Quick Comment on Markets
Given this week's events, let me reiterate a point I made earlier: I am short-term bullish on bonds, bearish on equities. I provided receipts in the below tweet:
Of course, there’s a caveat. Seasonality in inflation is about to collide with the "limited inflation" narrative. September's report (released in October) is likely our last stretch of good news. After that, the risk is a replay of the "trapped Bernanke" dynamic of 2008 — inflation pressures alongside economic distress.
If the Fed cuts 25bps and reported inflation begins to rise, bond weakness may destroy collateral and unwind the post-June rally in junk credit. But as refinancing shifts mortgages to adjustables, net duration supply falls — setting up an eventual supercharged duration rally as demand rises and supply shrinks.
The Trap of Retrospective Certainty
History seduces us with inevitability. The signs, we tell ourselves, were obvious: Hitler, Mao, 2008, the Dotcom bubble.

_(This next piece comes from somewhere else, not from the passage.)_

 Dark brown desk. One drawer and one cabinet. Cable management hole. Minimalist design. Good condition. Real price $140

But that's backwards history — outcome first, cause second. It erases noise, blind alleys, and the real uncertainty of lived experience. It makes us punish early warnings and dismiss them as hysteria — until they become prophecy. And then we embrace the prophets and ignore the change in conditions that set the stage for the next rally. Rinse, repeat.
Finance people love to imagine "choices" as a neat binomial tree. Start here, branch there, Cox-Rubinstein, Black-Scholes. But what if the inputs are corrupted? What's unemployment if the BLS is broken? What's growth if accounting is fiction? We don't even know our starting point.

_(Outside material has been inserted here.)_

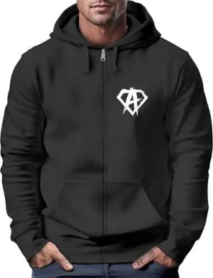 Zip Hoodie Herren Sweatjacke mit Kapuze Alpha Logo Print Aufdruck Motiv Männer Fashion Streetstyle schwarz 4XL

Weimar Germany and Mao's China: The Illusion of Inevitability
We tell simple stories:
Hitler rises in the 1920s, seizes power in 1933. The signs were clear.
Mao's Great Leap Forward morphs into the Cultural Revolution. The signs were clear.
Except they weren't.
Germany:
1919–20: Germany in chaos, dozens of militias fighting in streets. Hitler just another angry voice in the mob.
1923: Hitler attempts armed takeover in Munich, fails spectacularly, goes to prison. Looks finished.
Mid-1920s: Germany stabilizes. Economy recovers, culture thrives. Nazis shrink to 3% of vote, survive only in rural backwaters.
1930s: Depression, youth unemployment, Nazi surge. Then in 1932 they lose seats, look spent.
1933: Chancellor, Reichstag Fire, Enabling Act — dictatorship within months.
China:
1958-62: Great Leap Forward kills millions through famine. Mao's prestige shattered.
1962-65: Mao sidelined, pragmatists like Liu Shaoqi and Deng Xiaoping run the country. Recovery begins.
1965: Mao launches Socialist Education Movement. It fizzles.
1966: Mao mobilizes students against "capitalist roaders." Universities close, Red Guards form.
1966-69: Students destroy "old culture," purge millions. Country descends into near civil war.